-- Data supplied follows --
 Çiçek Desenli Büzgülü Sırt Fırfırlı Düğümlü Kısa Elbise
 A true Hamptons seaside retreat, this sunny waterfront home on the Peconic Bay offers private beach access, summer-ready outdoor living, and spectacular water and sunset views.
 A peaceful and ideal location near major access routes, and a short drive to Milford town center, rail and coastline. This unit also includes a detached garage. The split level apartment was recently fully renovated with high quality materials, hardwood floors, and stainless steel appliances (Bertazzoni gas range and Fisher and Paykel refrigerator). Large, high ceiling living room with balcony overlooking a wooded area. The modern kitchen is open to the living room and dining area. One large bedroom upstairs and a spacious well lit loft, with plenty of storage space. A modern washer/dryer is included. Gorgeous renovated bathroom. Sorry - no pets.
-- Data supplied concluded --
-- Data supplied follows --
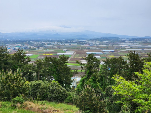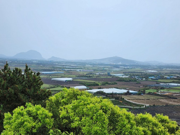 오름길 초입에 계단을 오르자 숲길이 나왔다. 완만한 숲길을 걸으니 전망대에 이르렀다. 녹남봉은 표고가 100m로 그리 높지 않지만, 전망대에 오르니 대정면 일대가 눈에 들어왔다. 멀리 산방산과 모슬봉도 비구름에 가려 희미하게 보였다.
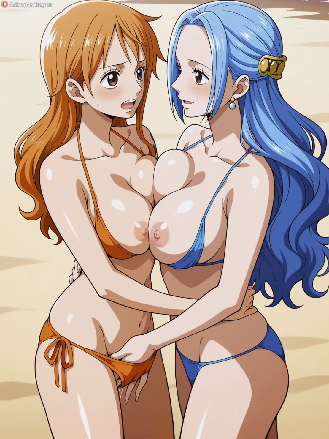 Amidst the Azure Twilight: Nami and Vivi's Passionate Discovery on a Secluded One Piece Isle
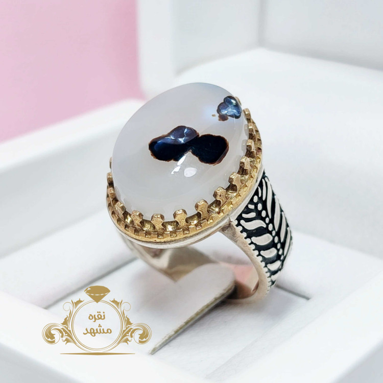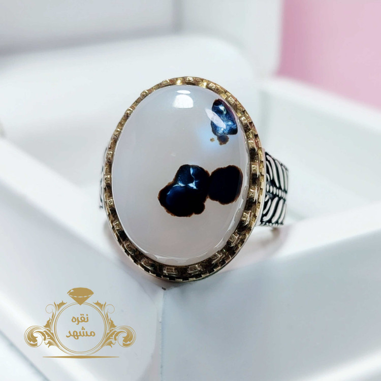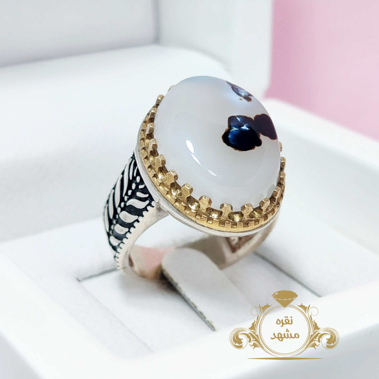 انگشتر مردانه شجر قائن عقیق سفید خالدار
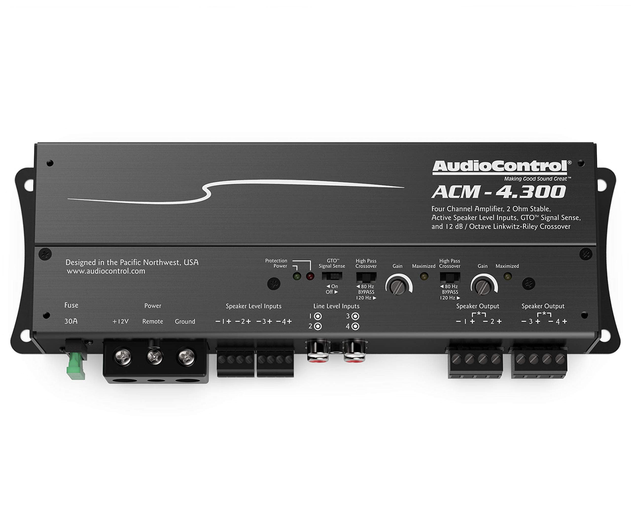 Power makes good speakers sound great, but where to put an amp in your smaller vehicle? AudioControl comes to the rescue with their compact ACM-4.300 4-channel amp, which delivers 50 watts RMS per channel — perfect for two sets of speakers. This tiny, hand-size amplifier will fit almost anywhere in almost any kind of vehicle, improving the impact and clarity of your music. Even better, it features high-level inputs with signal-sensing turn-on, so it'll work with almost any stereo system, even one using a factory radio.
-- Data supplied concluded --
-- Data supplied follows --
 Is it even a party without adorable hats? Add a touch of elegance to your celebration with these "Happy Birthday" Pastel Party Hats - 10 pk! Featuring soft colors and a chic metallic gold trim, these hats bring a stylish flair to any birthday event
-- Data supplied concluded --
→ Task details
From the data above, return every line from the line that has "Çiçek Desenli Büzgülü" up to and including the line that has "A peaceful and", exactly.

→ Your response
 Çiçek Desenli Büzgülü Sırt Fırfırlı Düğümlü Kısa Elbise
 A true Hamptons seaside retreat, this sunny waterfront home on the Peconic Bay offers private beach access, summer-ready outdoor living, and spectacular water and sunset views.
 A peaceful and ideal location near major access routes, and a short drive to Milford town center, rail and coastline. This unit also includes a detached garage. The split level apartment was recently fully renovated with high quality materials, hardwood floors, and stainless steel appliances (Bertazzoni gas range and Fisher and Paykel refrigerator). Large, high ceiling living room with balcony overlooking a wooded area. The modern kitchen is open to the living room and dining area. One large bedroom upstairs and a spacious well lit loft, with plenty of storage space. A modern washer/dryer is included. Gorgeous renovated bathroom. Sorry - no pets.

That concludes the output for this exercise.